Advance directive or living will. This details what measures you want taken if you are in a vegetative state or unlikely to recover from major injuries.
Properly titled property. Most couples, married and unmarried, hold real estate as “joint tenants with right of survivorship,” which means that if one party dies, the other inherits the rest of the home without going through probate. But tax issues may complicate the issue for unmarried couples, so it’s best to consult with a lawyer about how to handle jointly owned property – or property owned by one person who wants the other to inherit it.
Funeral wishes. Funeral directors may be hesitant to allow unmarried partners to make funeral arrangements, especially if the family disagrees. A directive outlining who should make arrangements and what the deceased would like can avert such problems.

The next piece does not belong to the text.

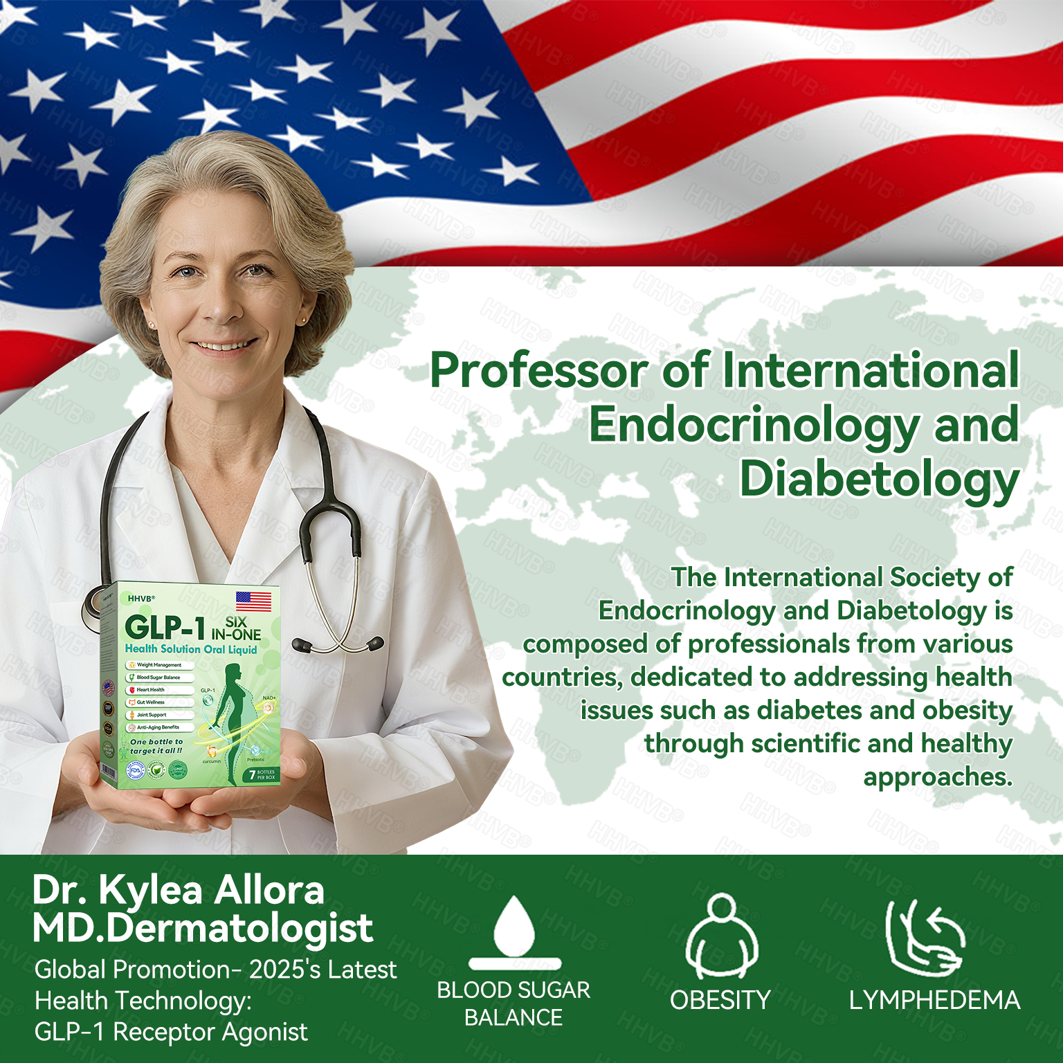 "As an endocrinologist, I am committed to finding effective and natural solutions for metabolic health and weight management. After extensive research and clinical trials with over 5,000 participants, I have found that HHVBยฎ GLP-1 Six-in-One Health Oral Solutionย offers remarkable benefits for metabolism, appetite control, and overall well-being. This formula naturally supports GLP-1 activation, helping regulate blood sugar levels, curb cravings, and enhance fat burning. Its powerful blend of apple cider vinegar, turmeric, and other natural ingredients not only aids in healthy weight loss but also promotes digestive health, boosts immunity, and supports long-term metabolic balance. With the backing of modern medical research, HHVBยฎ GLP-1 Six-in-One Health Oral Solutionย is a trusted, science-driven choice for those seeking a natural and effective approach to weight management and overall health."
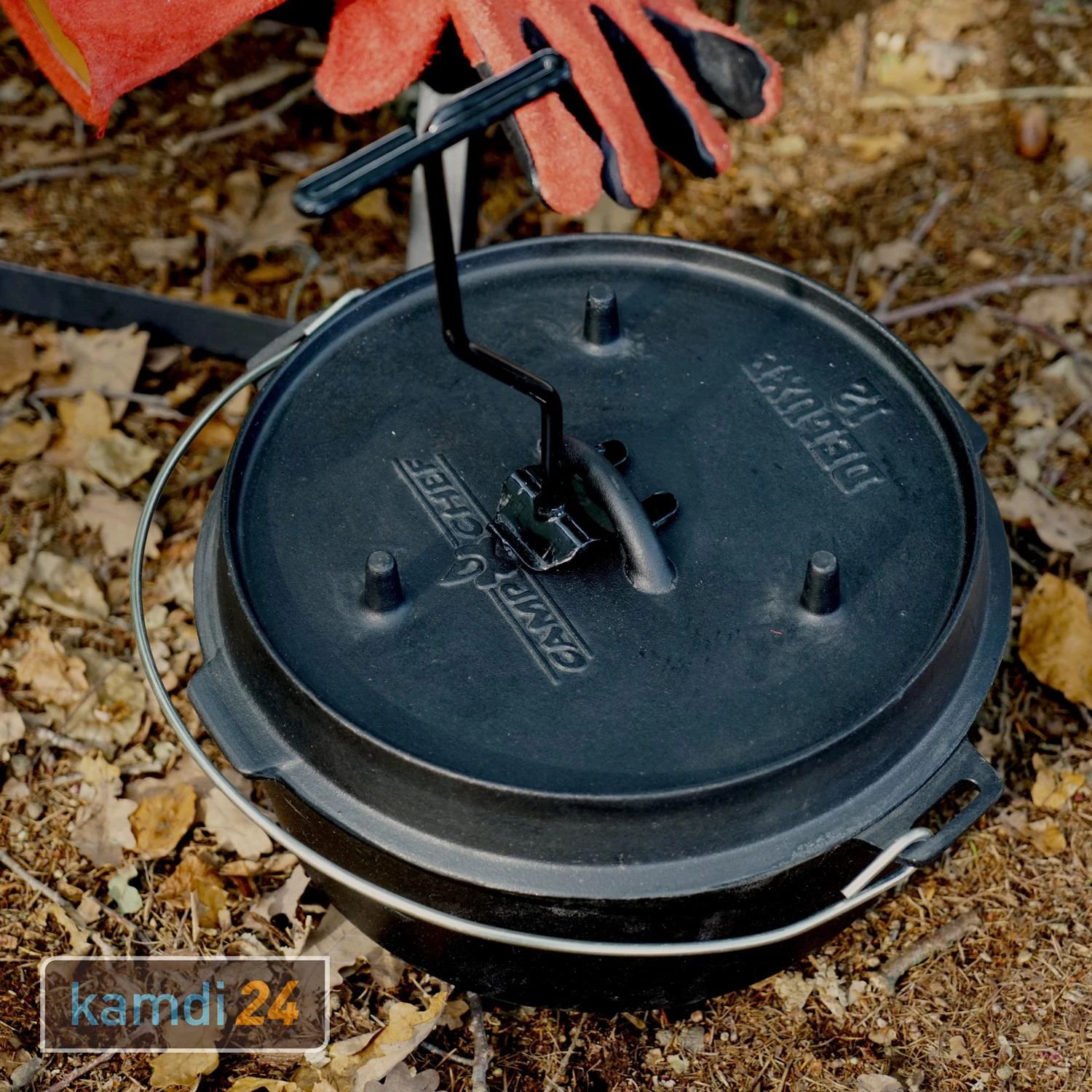 Mit dem Deckelheber können Sie den gusseisernen Deckel anheben, ohne diesen zu kippen. So gelangt keine Asche in den Topf, auch wenn Sie auf dem Deckel Kohlebriketts angeordnet haben. In der Deluxe-Serie ist der nützliche Deckelheber inklusive.

Life insurance. If there are no children involved and neither partner depends on the other financially, couples might think life insurance is unnecessary. But the surviving partner may be unable to pay the mortgage, estate taxes or other expenses on his or her own, which is why it’s an important consideration.
A domestic partner agreement. This is similar to a prenuptial agreement since it outlines how assets and income will be handled during the relationship and what happens to joint assets if the relationship ends.
Child custody. Schwartz encourages same-sex couples to do second-parent adoptions in states that allow it. With this method of adoption, the nonbiological parent is granted equal rights. In other families, the biological parent may need a document giving the stepparent the right to authorize medical treatment for the child or even give permission for field trips. Parents also need documents spelling out who should care for their children if they die or become disabled.